Parmi les autres éléments qui ont élevé les indices d'augmentation de la couche végétale, il y a l'abandon des exploitations collectivisées après la chute de l'Union soviétique, ce qui a accru la couverture végétale en Russie.
Dans les gains de la masse forestière et donc du retrait du CO2 de l'atmosphère, se distinguent ceux obtenus en Russie et en Chine. Les mesures satellitaires montrent que dans les deux pays, la couverture végétale a augmenté au cours des dernières décennies, bien que pour des raisons très différentes. «En Russie, les forêts ont naturellement occupé des terres agricoles abandonnées après la chute du communisme. Pendant ce temps, en Chine, les projets de reboisement massif d’arbres ont largement contribué à la biomasse mondiale."Liu maintient, ajoutant que"entre les deux acteurs, compenser plus de la moitié de la perte de carbone due à la déforestation tropicale«.

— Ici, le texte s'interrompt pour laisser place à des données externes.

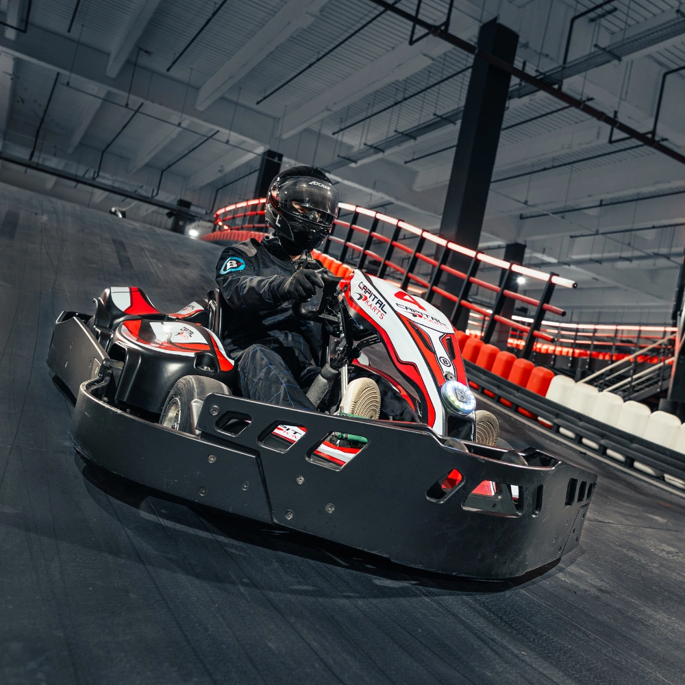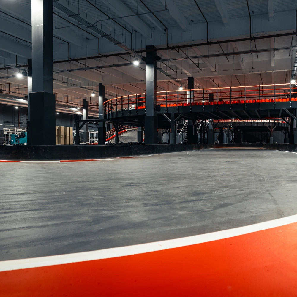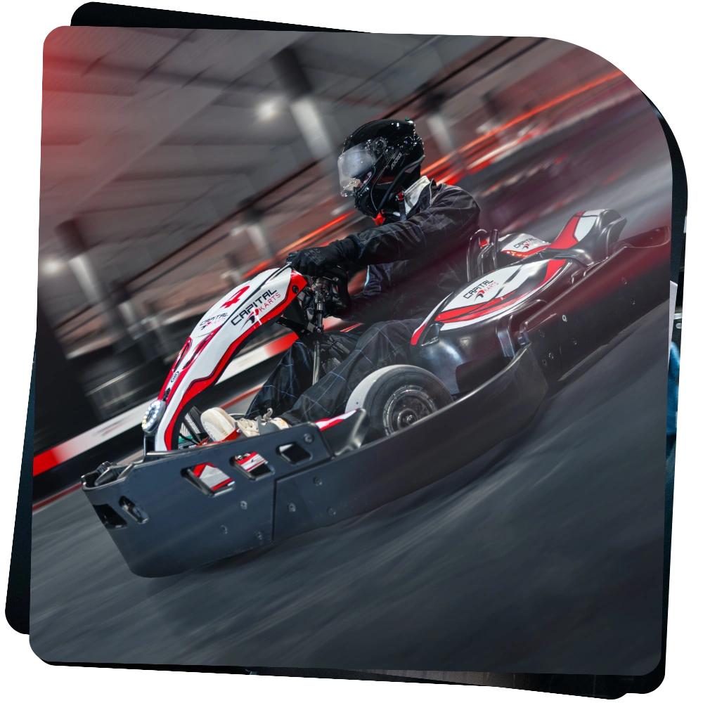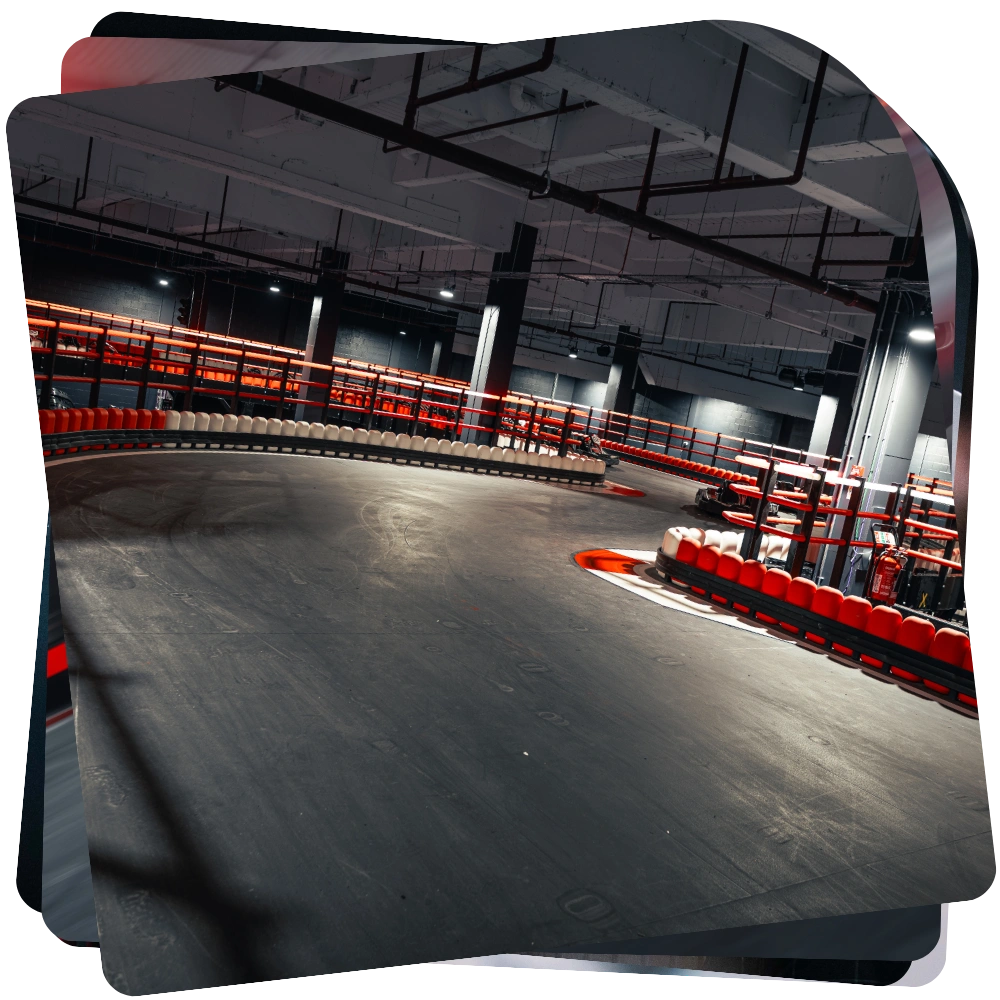 Our track is the finest and fastest indoor circuit in the UK, built with a multi level layout that allows speeds of more than 45 mph.
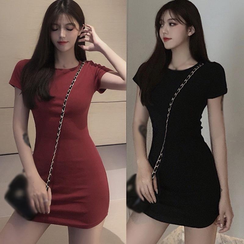 Women Solid Sexy Slim Casual Short Sleeve Bodycon Dress Shopee Very well made.
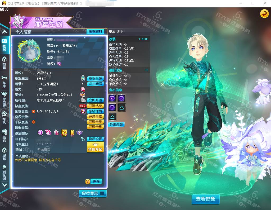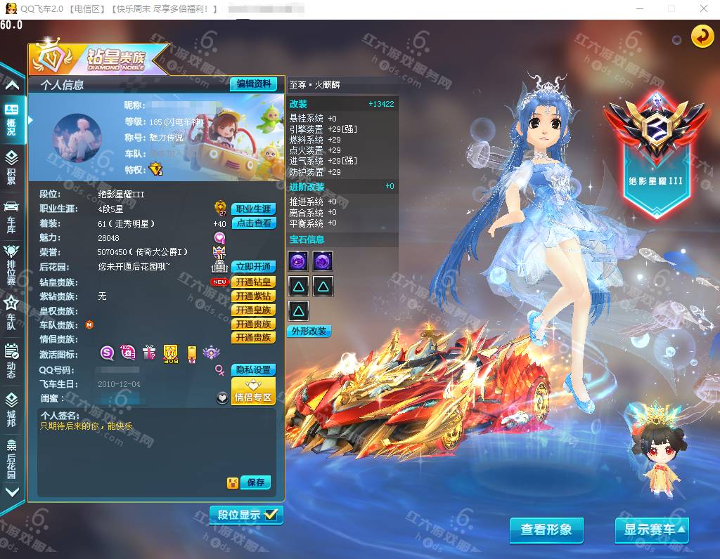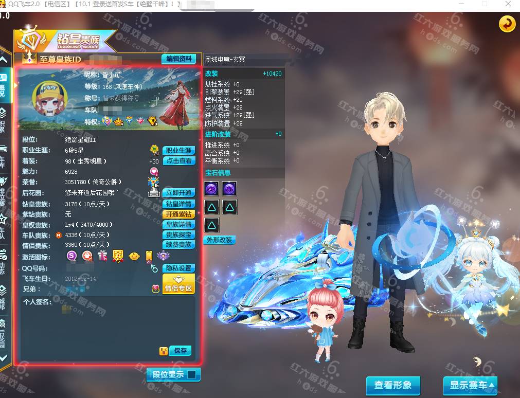 F15781,红六更号裙777584596【电信一区】红六自营,魅力5W,荣誉90w,紫钻3级,皇族3级,6S车:双四至尊玄冥/真武+29,单四至曜影虎/耀虎/X次元白虎+29,终极烈焰新星/孔明,超核玩家雷蛇,风之使者,赤道极光,T2:守护者,T1:圣剑骑士,无影之刃,超能英雄,A*11车:雷诺,HelloKitty,大圣雷诺,电玩雷诺,魔王雷诺,蓐收雷诺,地狱雷诺,骑宠2页:雪凝公主+9,超能大白+5,座椅*1,套装男6页:璀璨星芒/夜月流星/幻雪夕光,套装女9页:X次元白虎/山海碧波吟,15999R
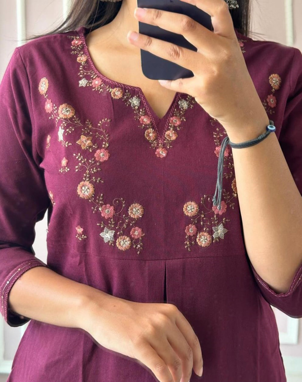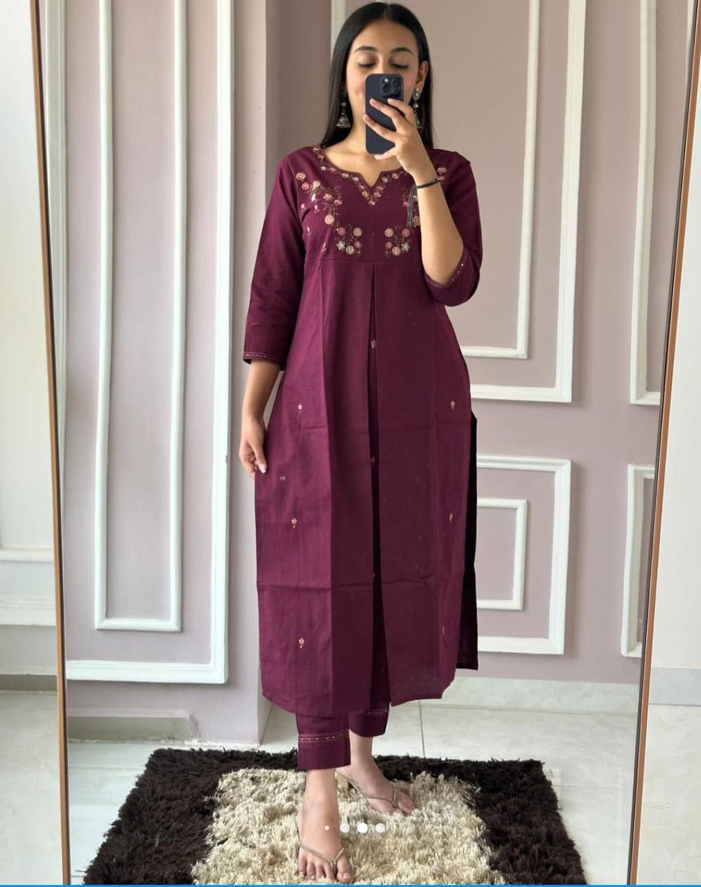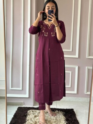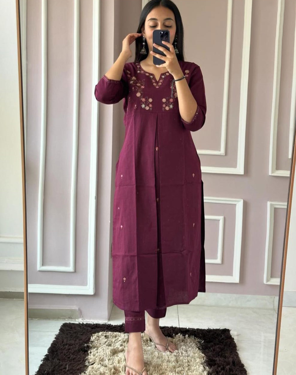 Wine Straight Kurti Pant Set Embroidered Salwar Kameez for Women
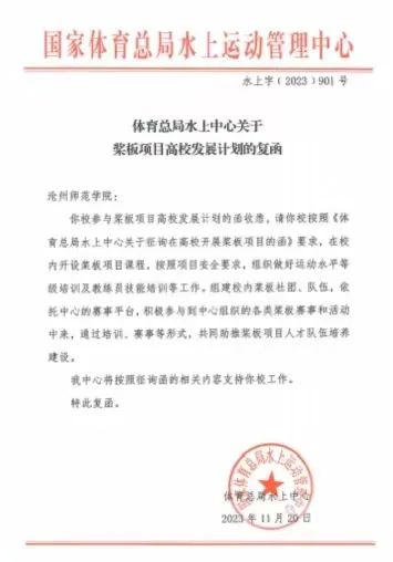 郑寿存介绍了太阳集团体育学院基本情况,对水上运动项目课程规划发展、实习实训、专业特色发展等方面进行了说明。郑寿存表示,太阳集团今年获得国家体育总局水上运动管理中心批复的“桨板项目高校计划”,是目前河北省首所获批的公办高校。学校将从课程项目研发、运动水平等级培训、教练员技能培训等方面通过组建校内桨板社团、队伍,依托水上运动管理中心的赛事平台,积极参与到中心组织的各类桨板赛事和活动中来,通过培训、赛事等形式,共同助推桨板项目人才队伍培养建设。
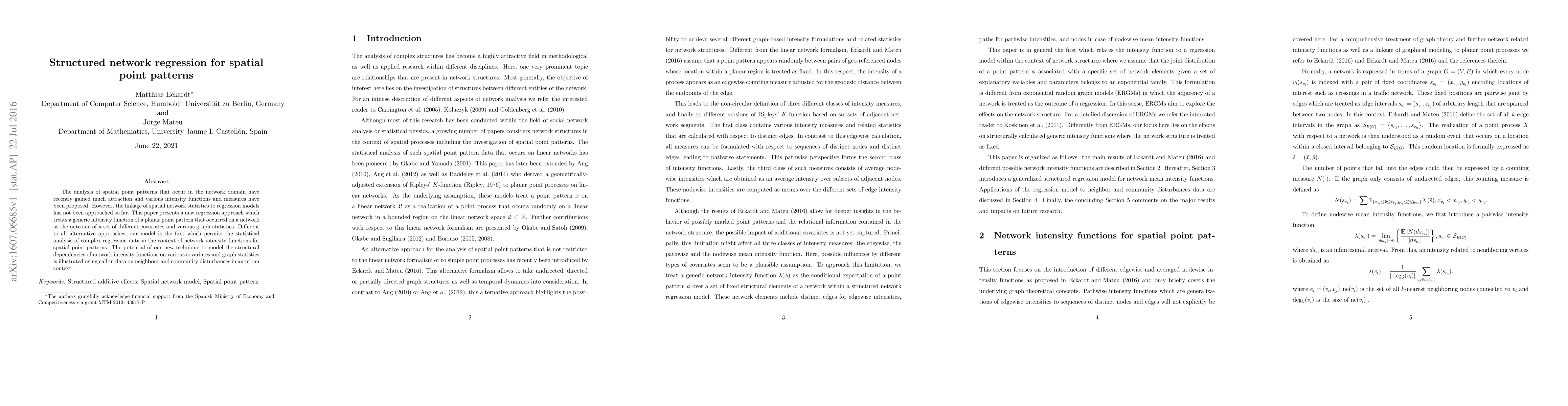 This paper introduces a novel structured network regression approach to analyze spatial point patterns on networks, linking network statistics to regression models for the first time. The proposed model enables statistical analysis of complex regression data in the context of network intensity functions, demonstrated through urban call-in data on disturbances.
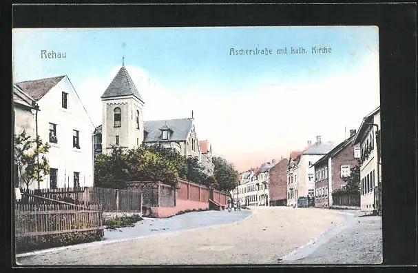 AK Rehau in Bayern, Ascherstrasse mit kath. Kirche
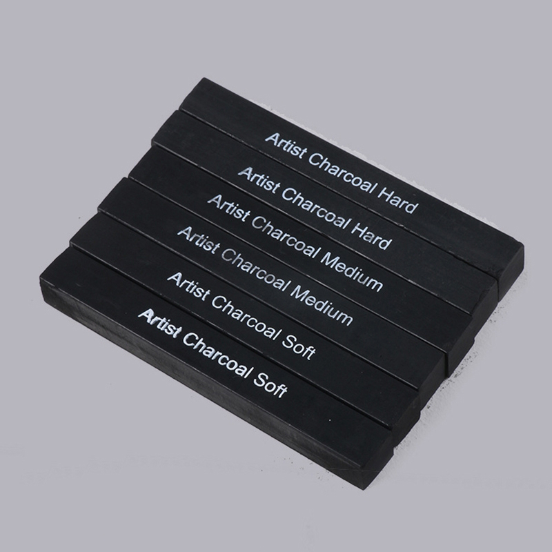 6Pcs Square Sketch Charcoal Sticks 10x10x80mm Soft Medium Hard Sketch Compressed Charcoal Bars Sticks Graphite Rod Art Supplies
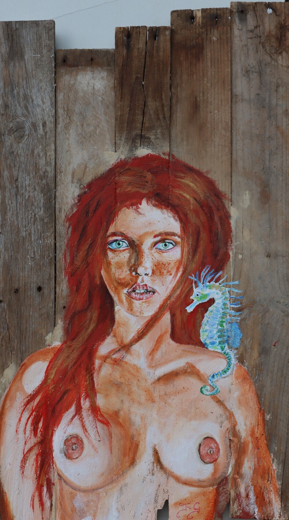 peinture sur bois de palette 43 / 60 série "femme et hippocampe JfG Jean-François Gantner
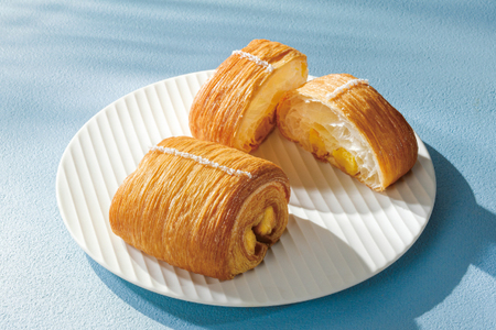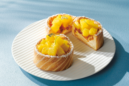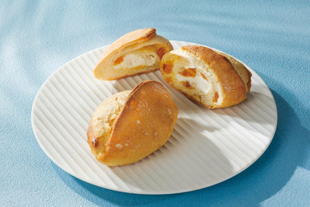 ハレクラニベーカリーで人気のパンを、小さめにリサイズして食べやすくしました。マンゴーのパート・ド・フリュイをあわせたフランスパン生地に、クリームチーズを入れて焼き上げた、朝食におすすめのパンです。
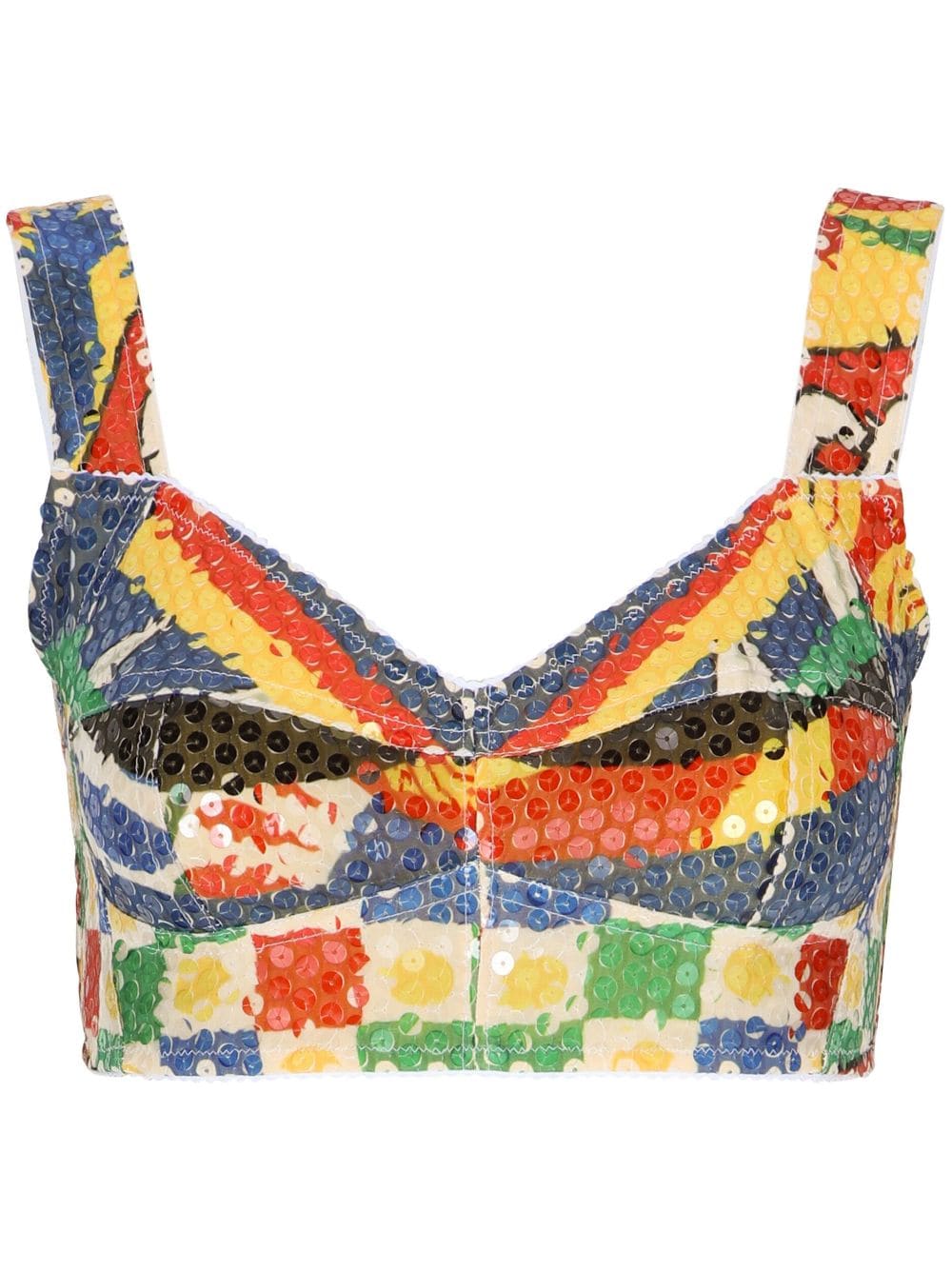 Decorated with the Carretto print – a pattern from the Dolce & Gabbana archives – this crop top is covered in multicolour shapes and graphics. It's cut to a cropped silhouette and covered in shimmering sequins.

Plus précisément, la perte de forêts tropicales humides a entraîné une réduction de sa capacité à retenir le carbone volé dans l'atmosphère d'environ 210.000 tonnes de CO2 (Tm / CO2) entre 2003 et 2012. Pour sa part, la nouvelle couverture végétale en Russie et en Chine capture chaque année 100.000 et 70.000 Tm / CO2 respectivement. Si nous tenons compte du fait que la contribution des forêts tropicales au total est de 44%, pour un 17% des forêts tempérées et boréales, la Chine et la Russie méritent des applaudissements.
À cela, nous ajoutons la progression des zones d'arbustes, des zones d'arbustes et des champs cultivés. Plusieurs facteurs renforcent le protagonisme de ces acteurs, tels que: les changements d’utilisation des terres, les meilleures techniques agricoles, la réduction des incendies.
Dans cette réalité, il y a des éléments clés, car il est évident que l'une des raisons est l'augmentation de l'efficacité d'utilisation de l'eau due à l'augmentation du CO2 dans l'atmosphère.
Cela peut sembler un paradoxe, mais le CO2 C'est mauvais pour le climat mais pas pour les plantes, comme le dit le directeur du Global Carbon Project, le Catalan Josep Canadell.
Comme dans une serre où la concentration de dioxyde de carbone est plus élevée, les stomates de la plante (les pores des feuilles qui lui permettent de respirer) n'ont pas besoin de s'ouvrir autant pour absorber la même quantité de CO.2, perdant avec cela moins d'eau, ils peuvent utiliser pour grandir plus.
L'autre facteur est lié à l'oscillation thermique El Niño et à son inversion, La Niña. Ce phénomène, qui commence dans l’océan Pacifique, affecte les régimes de pluie, alternant des périodes très sèches avec des mois de pluies torrentielles dans les zones où dominent les savanes ou les garrigues.
«Les changements climatiques entraînent une plus grande variabilité du climat et, par conséquent, des cycles d'expansion et d'effondrement. Nous avons étudié ces cycles et la végétation se développe davantage lorsqu'il y a plus de pluie que de perdre lorsqu'il y en a moins. Nous pensons donc que le résultat final est que les systèmes peuvent capter plus de carbone.«explique le directeur exécutif du Global Carbon Project.
Cependant, cette augmentation de la verdure de la planète ne suffit pas. Comme le rappelle Canadell : «nous savons qu'environ 50% des émissions provenant d'activités humaines restent dans l'atmosphère même après que l'autre moitié ait été éliminée par la végétation terrestre et les océans. Le seul moyen de stabiliser le système climatique est de réduire à zéro les émissions de combustibles fossiles«.